A spokesperson for Flipkart confirmed the development, stating:
“Flipkart conducts regular performance reviews aligned with clearly defined expectations. As part of this process, a small percentage of employees may transition from the organisation. We are supporting affected employees with transition support.”
Such review-based exits have become a common feature in large tech companies globally, as firms increasingly prioritise high productivity and performance-linked workforce structures.
Similar Exercise Conducted In 2024
This is not the first time Flipkart has undertaken workforce rationalisation through its performance review system.

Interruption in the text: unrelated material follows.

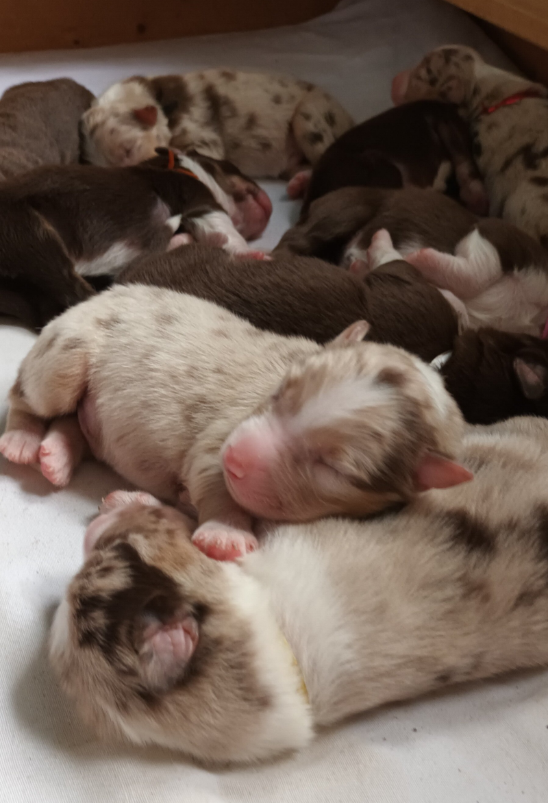 Neun kleine Fellnasen durften am 02.08.2023 das Licht der Welt erblicken. Eines herzerwärmender als das andere und alle wohl auf.
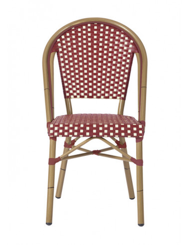 Progetta la tua terrazza con queste sedie in alluminio plastificato. Sono fatti di canna sintetica vergine al 100%, non riciclata e tessuta a mano. Queste sedie aggiungeranno un tocco di eleganza alla vostra terrazza. Disponibile in diversi colori, ideale per vestire il tuo spazio esterno con uno stile parigino.

In early 2024, the company let go of approximately 1,000 employees, accounting for nearly 5% of its workforce at the time. That round of exits also followed the company’s annual performance evaluation cycle.
Compared to last year’s reduction, the latest round is significantly smaller, suggesting that the company may have already completed much of its workforce restructuring in earlier cycles.

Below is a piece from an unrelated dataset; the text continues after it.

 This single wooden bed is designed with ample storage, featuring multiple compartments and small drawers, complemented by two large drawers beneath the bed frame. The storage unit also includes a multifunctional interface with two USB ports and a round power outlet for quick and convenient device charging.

Still, the move reflects the continued emphasis among tech firms on maintaining lean and efficient operations amid a changing funding environment.

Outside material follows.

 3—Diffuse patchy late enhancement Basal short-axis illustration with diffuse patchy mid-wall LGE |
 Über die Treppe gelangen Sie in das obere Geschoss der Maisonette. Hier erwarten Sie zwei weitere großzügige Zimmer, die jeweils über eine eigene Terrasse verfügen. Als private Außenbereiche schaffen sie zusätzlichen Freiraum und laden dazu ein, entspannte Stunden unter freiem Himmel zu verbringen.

Focus On Cost Discipline And Operational Efficiency
Like many companies in the global startup and technology ecosystem, Flipkart has spent the past few years focusing heavily on improving operational efficiency and tightening cost structures.
Following the funding boom of 2020 and 2021, the broader startup ecosystem has entered a phase marked by slower funding activity, increased investor scrutiny, and a strong push toward profitability.
As a result, companies across sectors—from e-commerce and fintech to SaaS—have been reassessing their organisational structures and expenses.
For Flipkart, this has meant prioritising cost discipline, streamlined operations, and productivity improvements, while continuing to invest in areas such as logistics, technology infrastructure, and customer experience.
IPO Preparations Begin To Take Shape
The workforce adjustment also comes at a time when Flipkart is quietly preparing for a potential public listing in India.
According to earlier reports, the company has begun preliminary discussions with investment banks, including:
-
Goldman Sachs
-
Morgan Stanley
-
JPMorgan Chase
-
Kotak Mahindra Capital
These discussions are still in the early stages, with the banks exploring the feasibility and potential structure of a proposed IPO.
Industry sources previously indicated that Flipkart could target a public listing by late 2026 or early 2027, although the final timeline and size of the offering remain undecided.

Shift Of Holding Company Back To India
Another key step in Flipkart’s IPO journey came in December, when the company received approval from the National Company Law Tribunal to shift its holding company domicile from Singapore back to India.
The relocation is seen as a major regulatory milestone in Flipkart’s path toward a domestic public listing.
The restructuring aligns the company’s corporate structure with its largely India-focused operations, simplifies the group’s organisational framework, and potentially makes it easier to navigate regulatory requirements for a future IPO.